My writing has been criticized in the past (with some justification-- hell, significant justification) because my characters sometimes fail to react, or to react in a manner concomitant with the magnitude of what they're experiencing.
Part of that's failure on my part. Part or it's my impatience with the Blot of Bad Mustard Factor. Maybe it is more realistic for characters to agonize a lot over the reality of things they experience, I don't know-- certainly if they're only catching fleeting glimpses, or if they're in situations where there are many possible explanations, I don't mind them being unsure. But when the demon appears before you in the pentacle, or the djinn comes streaming from the cracked clay pot, or the angel swings his fiery sword, or the woman says "Burn" and a Cadillac bursts into flame-- I don't really think I'd stand there going "This must be a dream" or "Wow, that burrito I had for lunch is really f***ing with my head." I'd probably shriek and run away, but I wouldn't stand there gnawing my lip and wondering about the correctness of my perception. I trust my senses. I have no choice-- they're the only means I have of interacting with the world. Sometimes people are betrayed by their senses, and they are insane-- that may happen to me someday, who knows?
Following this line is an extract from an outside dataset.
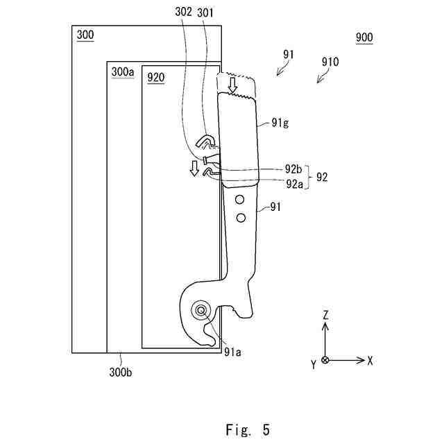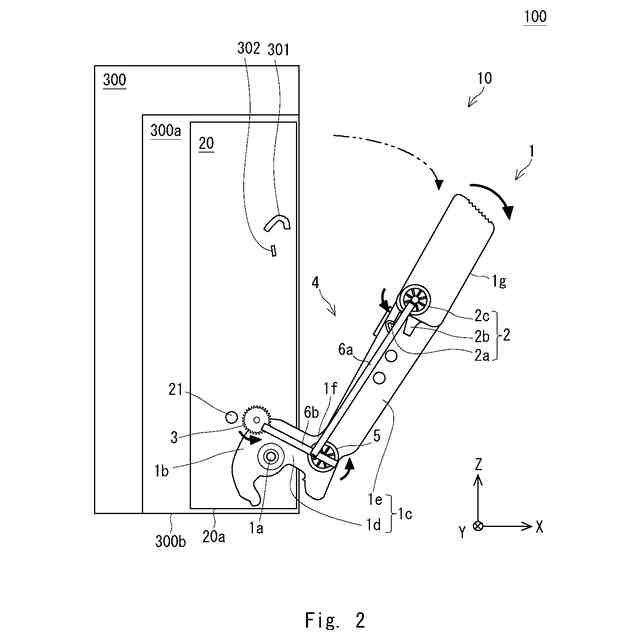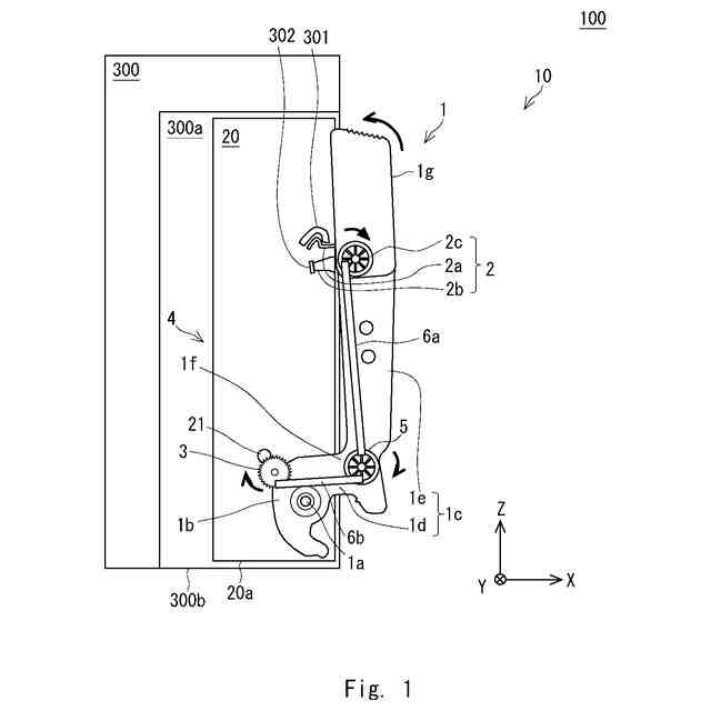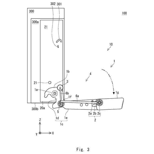 前記基板が前記ロック機構にロックされ、前記レバーが前記基板から離隔する方向に回転すると、前記歯車が前記歯車引っ掛け部に当接して回転し、前記伝達機構が前記歯車の回転による力を前記ロック機構に伝達し、前記第1の突起を回転させて前記装置からレバー側へ離隔させて、前記レバーの内側に収納する、

It occurs to me that I avoid this problem a lot in my fiction. My characters are often children, who are, in general, more open to accepting the bizarre and extraordinary. Or they're sorcerers or Seers or mystic shop-owners who've all dealt with their disbelief ages ago.
When I do have ordinary characters faced with things beyond the range of their experiences and expectations, I try to write them realistically, according to their personalities, taking it on a case-by-case basis. I don't know how well I succeed.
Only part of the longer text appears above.